- INFORMATION SHOWN -
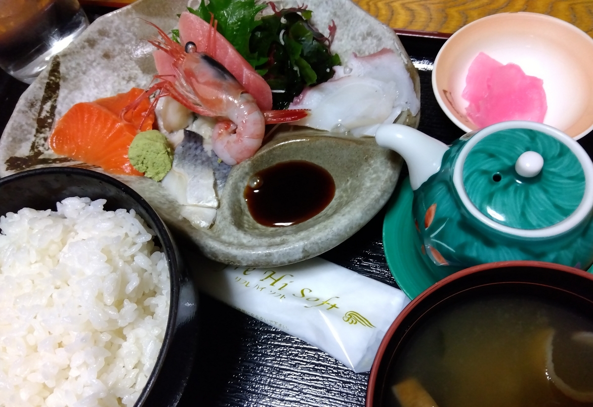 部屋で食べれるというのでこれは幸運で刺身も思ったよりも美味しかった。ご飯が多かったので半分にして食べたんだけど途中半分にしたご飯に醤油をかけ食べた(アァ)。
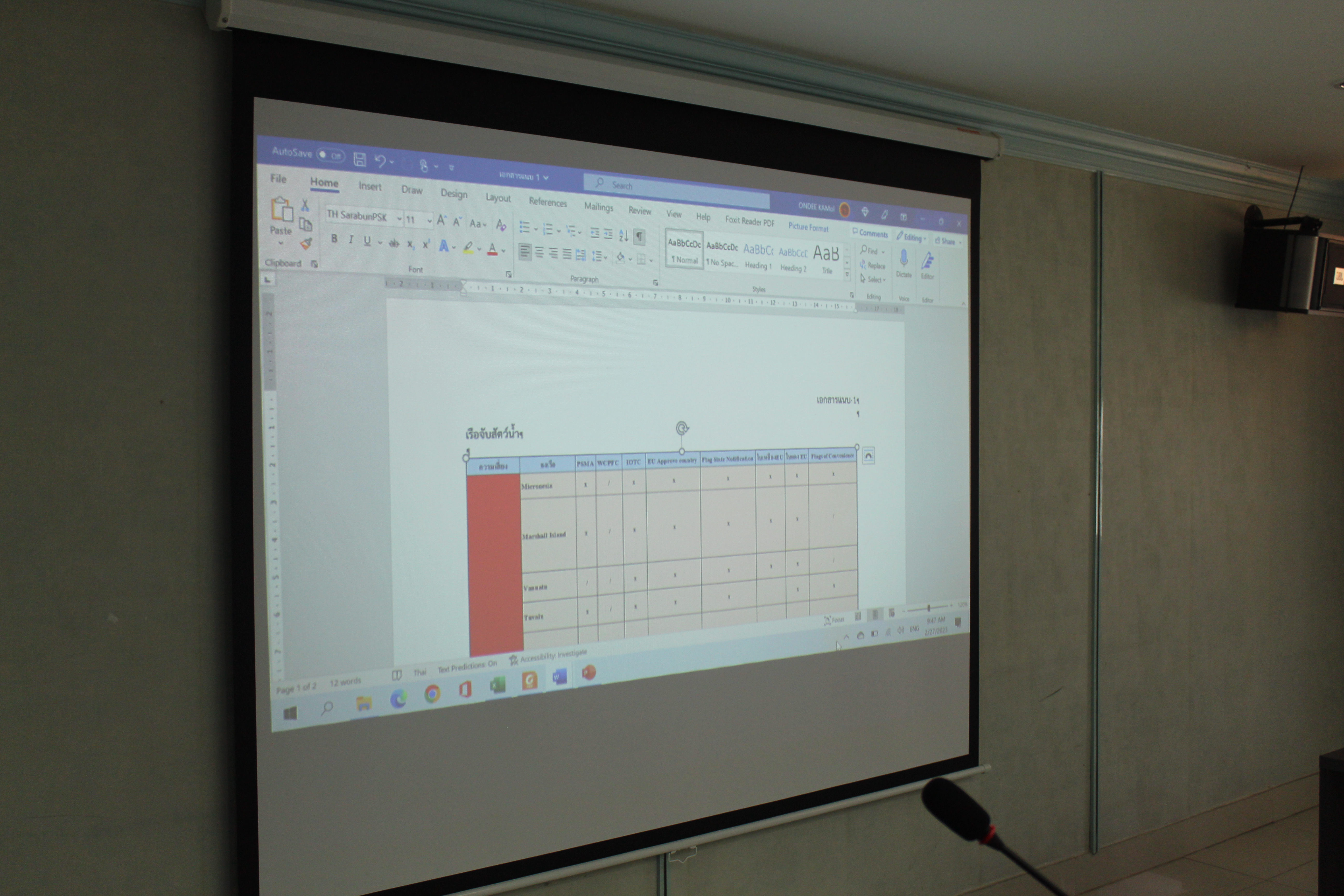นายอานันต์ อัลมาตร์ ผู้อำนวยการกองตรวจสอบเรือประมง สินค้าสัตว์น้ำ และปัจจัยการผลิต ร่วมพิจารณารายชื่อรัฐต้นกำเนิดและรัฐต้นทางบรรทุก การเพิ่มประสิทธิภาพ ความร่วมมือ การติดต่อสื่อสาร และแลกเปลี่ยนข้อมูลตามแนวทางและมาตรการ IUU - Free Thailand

...

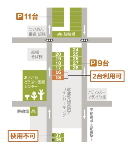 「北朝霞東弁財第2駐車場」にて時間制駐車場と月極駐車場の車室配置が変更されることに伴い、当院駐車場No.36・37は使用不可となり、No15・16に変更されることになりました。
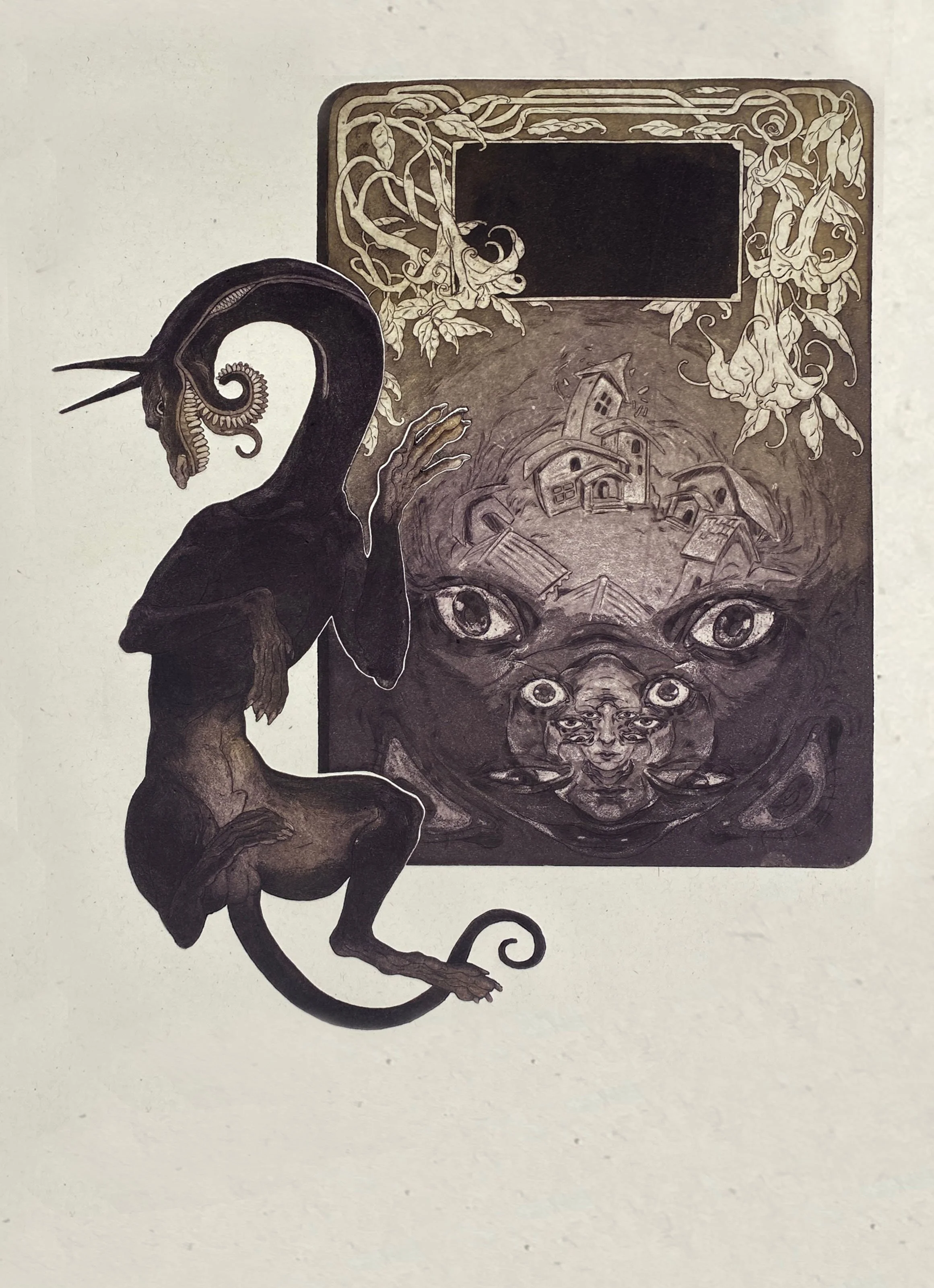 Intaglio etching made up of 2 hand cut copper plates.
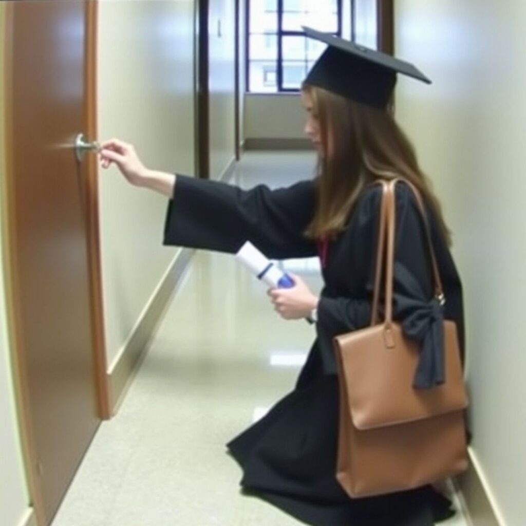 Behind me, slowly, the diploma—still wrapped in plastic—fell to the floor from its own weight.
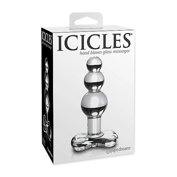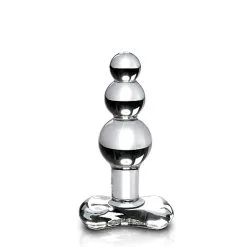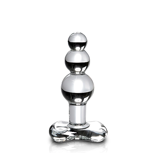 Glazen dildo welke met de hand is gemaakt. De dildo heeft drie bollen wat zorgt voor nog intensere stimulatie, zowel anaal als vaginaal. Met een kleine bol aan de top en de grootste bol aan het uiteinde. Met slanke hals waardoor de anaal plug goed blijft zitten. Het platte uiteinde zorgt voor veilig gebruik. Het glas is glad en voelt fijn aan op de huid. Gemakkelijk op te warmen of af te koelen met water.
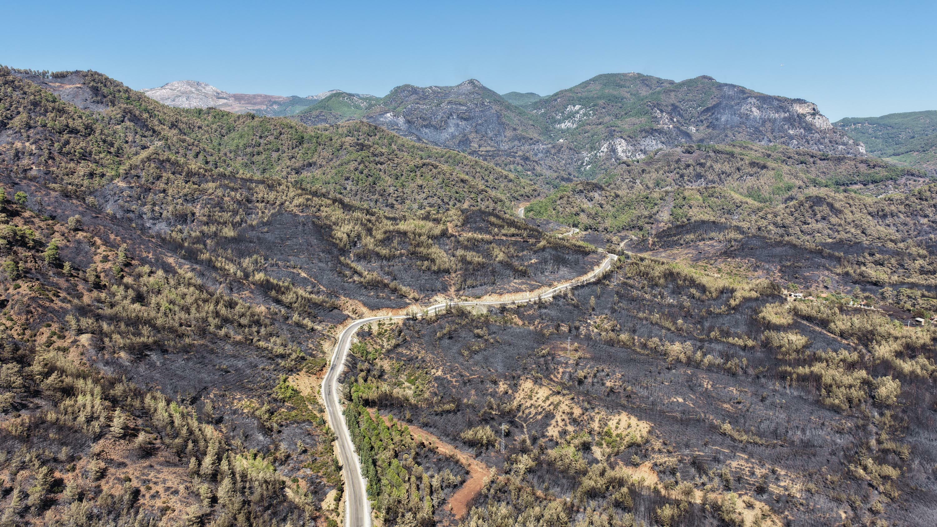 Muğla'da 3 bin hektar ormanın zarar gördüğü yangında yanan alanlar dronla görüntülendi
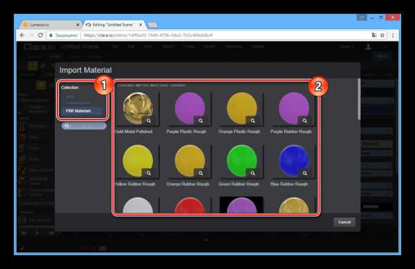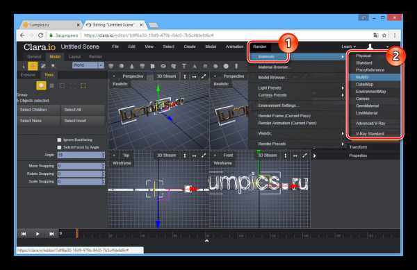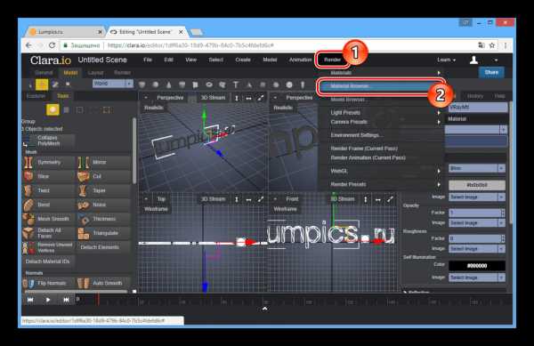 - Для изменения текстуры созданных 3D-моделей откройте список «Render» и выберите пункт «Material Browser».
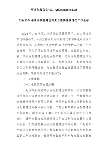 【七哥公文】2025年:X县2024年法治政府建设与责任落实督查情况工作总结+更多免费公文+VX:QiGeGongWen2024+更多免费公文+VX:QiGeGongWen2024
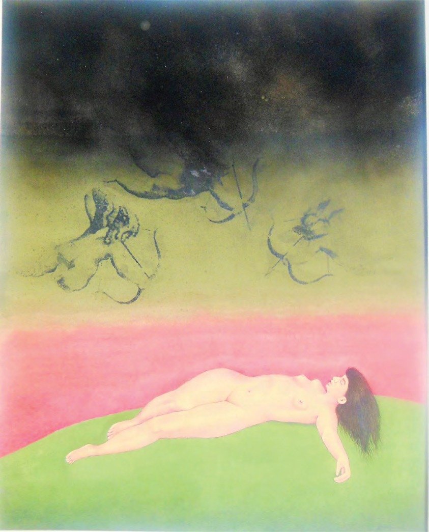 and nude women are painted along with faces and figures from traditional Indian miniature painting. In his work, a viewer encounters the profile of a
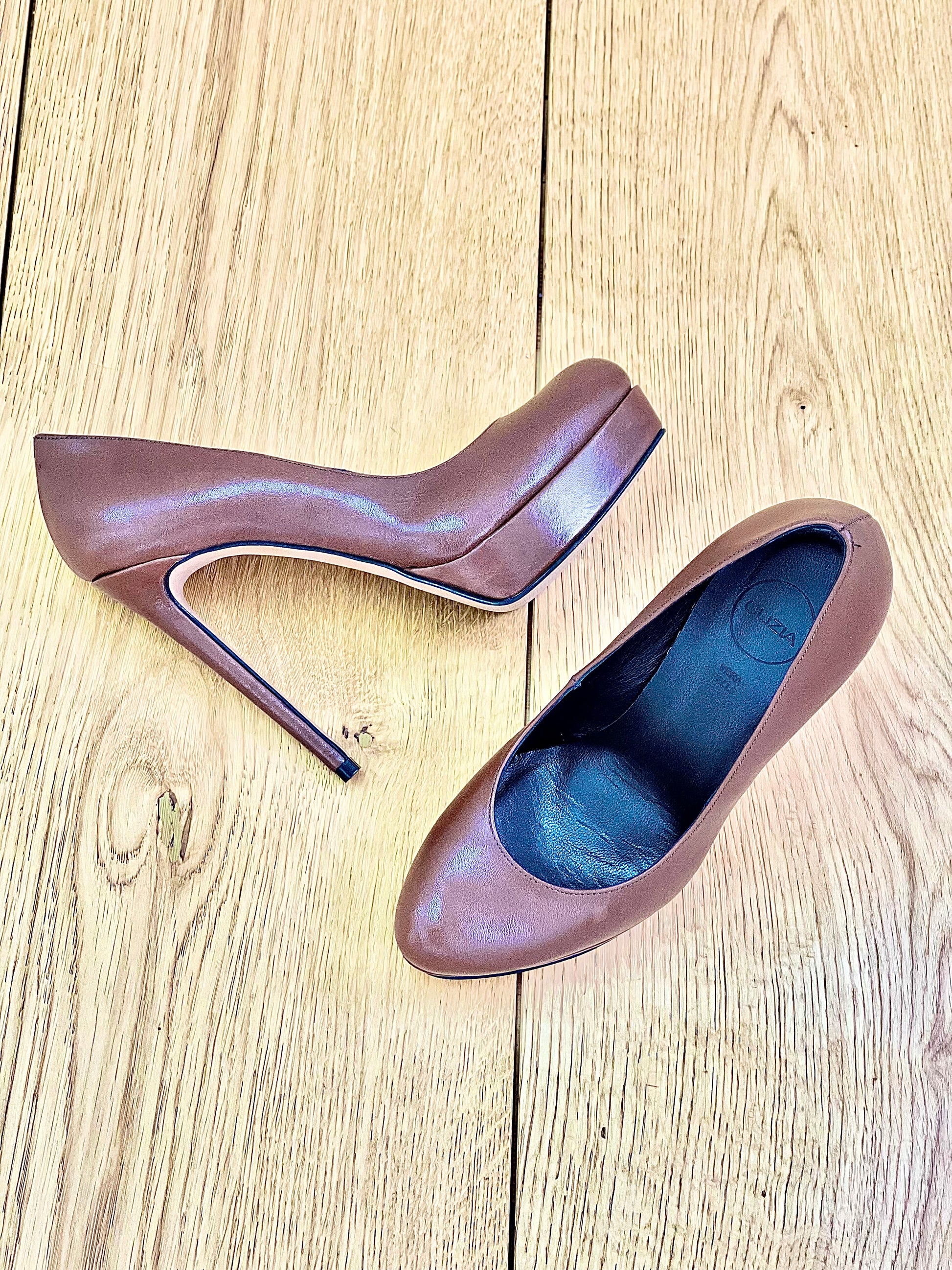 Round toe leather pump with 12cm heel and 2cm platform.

- WHAT TO DO -
Start at the line containing "部屋で食べれるというのでこれ" above and stop at the line containing "นายอานันต์ อัลมาตร์ ผู้อำนวยการกองตรวจสอบเรือประมง". Output those lines exactly, both included, but none of the pictures.

- ANSWER SECTION -
 部屋で食べれるというのでこれは幸運で刺身も思ったよりも美味しかった。ご飯が多かったので半分にして食べたんだけど途中半分にしたご飯に醤油をかけ食べた(アァ)。
นายอานันต์ อัลมาตร์ ผู้อำนวยการกองตรวจสอบเรือประมง สินค้าสัตว์น้ำ และปัจจัยการผลิต ร่วมพิจารณารายชื่อรัฐต้นกำเนิดและรัฐต้นทางบรรทุก การเพิ่มประสิทธิภาพ ความร่วมมือ การติดต่อสื่อสาร และแลกเปลี่ยนข้อมูลตามแนวทางและมาตรการ IUU - Free Thailand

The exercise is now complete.